Instructions for the task: Although the data below contains pictures, output only the lines between those holding "旅行で利用した電車です。今回" and "全新的硬件设施、优美的校园环", inclusive, exactly and without those pictures.

Records supplied:
※
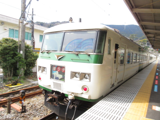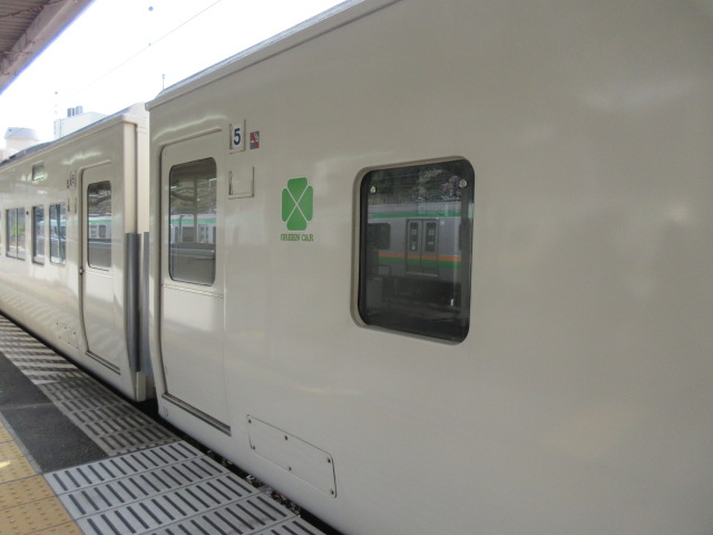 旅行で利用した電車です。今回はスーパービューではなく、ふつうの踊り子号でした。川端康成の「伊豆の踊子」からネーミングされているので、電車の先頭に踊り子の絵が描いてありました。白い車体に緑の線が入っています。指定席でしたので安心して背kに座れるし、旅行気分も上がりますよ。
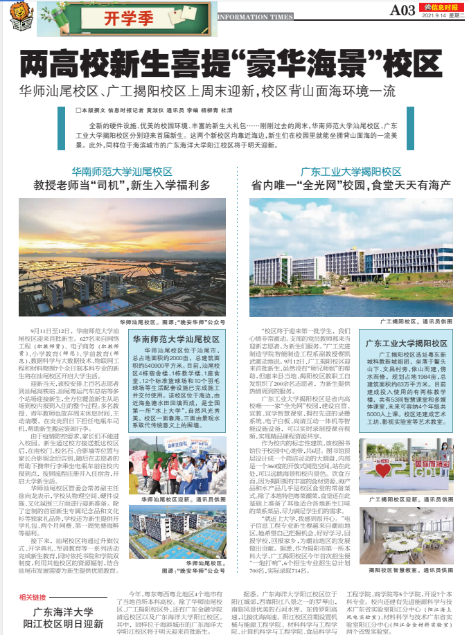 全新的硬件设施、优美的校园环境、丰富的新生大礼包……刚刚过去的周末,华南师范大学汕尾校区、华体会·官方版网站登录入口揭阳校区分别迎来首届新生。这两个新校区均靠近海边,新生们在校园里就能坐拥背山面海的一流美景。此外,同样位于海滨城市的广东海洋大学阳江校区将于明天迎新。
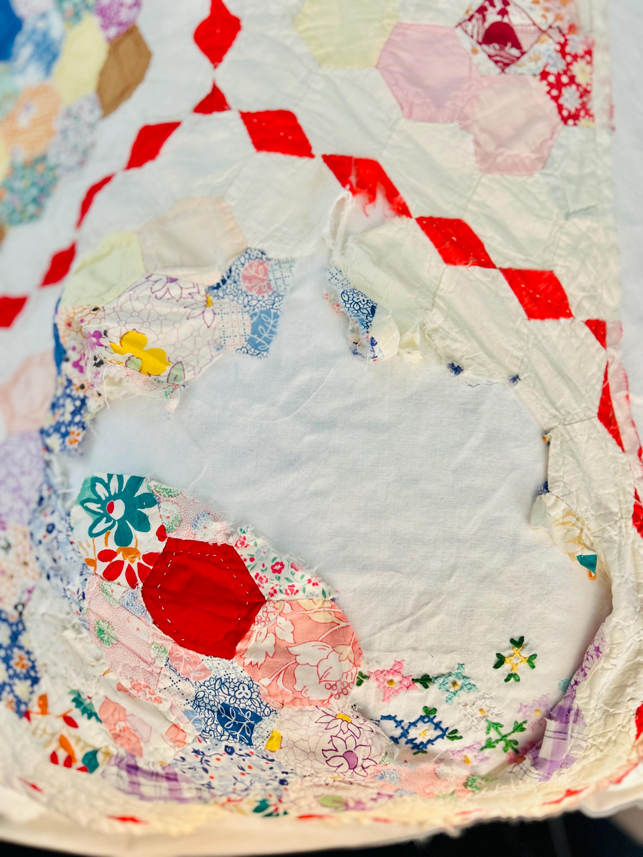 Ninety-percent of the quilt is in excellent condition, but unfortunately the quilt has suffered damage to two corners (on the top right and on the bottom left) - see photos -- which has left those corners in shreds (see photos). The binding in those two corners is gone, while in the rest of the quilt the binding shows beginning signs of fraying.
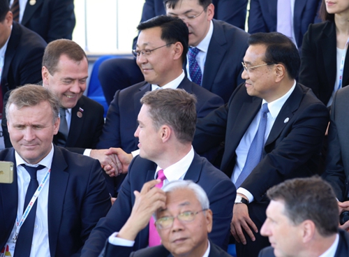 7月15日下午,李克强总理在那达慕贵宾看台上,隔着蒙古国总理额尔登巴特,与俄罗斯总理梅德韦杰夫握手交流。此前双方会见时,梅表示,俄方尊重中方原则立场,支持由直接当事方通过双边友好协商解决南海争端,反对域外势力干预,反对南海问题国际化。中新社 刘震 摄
※
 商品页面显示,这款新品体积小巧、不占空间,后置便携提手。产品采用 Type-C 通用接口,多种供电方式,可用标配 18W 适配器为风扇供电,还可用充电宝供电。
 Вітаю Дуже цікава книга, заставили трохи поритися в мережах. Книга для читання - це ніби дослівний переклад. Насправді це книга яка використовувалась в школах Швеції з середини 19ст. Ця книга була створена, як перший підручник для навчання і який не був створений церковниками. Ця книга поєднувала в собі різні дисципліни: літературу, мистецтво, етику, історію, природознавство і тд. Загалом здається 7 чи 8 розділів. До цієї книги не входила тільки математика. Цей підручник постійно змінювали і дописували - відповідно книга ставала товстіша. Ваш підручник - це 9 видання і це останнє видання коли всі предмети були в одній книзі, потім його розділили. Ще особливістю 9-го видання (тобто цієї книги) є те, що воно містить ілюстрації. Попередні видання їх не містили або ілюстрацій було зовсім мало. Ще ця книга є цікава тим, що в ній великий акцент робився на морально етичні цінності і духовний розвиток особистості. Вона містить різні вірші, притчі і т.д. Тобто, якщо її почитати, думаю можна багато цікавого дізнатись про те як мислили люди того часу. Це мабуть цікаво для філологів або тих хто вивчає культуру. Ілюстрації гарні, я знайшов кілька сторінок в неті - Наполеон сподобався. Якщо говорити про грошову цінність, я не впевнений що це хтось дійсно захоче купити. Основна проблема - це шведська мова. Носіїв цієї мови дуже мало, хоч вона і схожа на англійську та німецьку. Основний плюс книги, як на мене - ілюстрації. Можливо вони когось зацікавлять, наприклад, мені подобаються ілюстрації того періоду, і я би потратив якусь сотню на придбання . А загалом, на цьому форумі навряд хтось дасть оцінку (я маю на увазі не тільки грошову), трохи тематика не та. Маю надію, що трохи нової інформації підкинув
※
Task output:
 旅行で利用した電車です。今回はスーパービューではなく、ふつうの踊り子号でした。川端康成の「伊豆の踊子」からネーミングされているので、電車の先頭に踊り子の絵が描いてありました。白い車体に緑の線が入っています。指定席でしたので安心して背kに座れるし、旅行気分も上がりますよ。
 全新的硬件设施、优美的校园环境、丰富的新生大礼包……刚刚过去的周末,华南师范大学汕尾校区、华体会·官方版网站登录入口揭阳校区分别迎来首届新生。这两个新校区均靠近海边,新生们在校园里就能坐拥背山面海的一流美景。此外,同样位于海滨城市的广东海洋大学阳江校区将于明天迎新。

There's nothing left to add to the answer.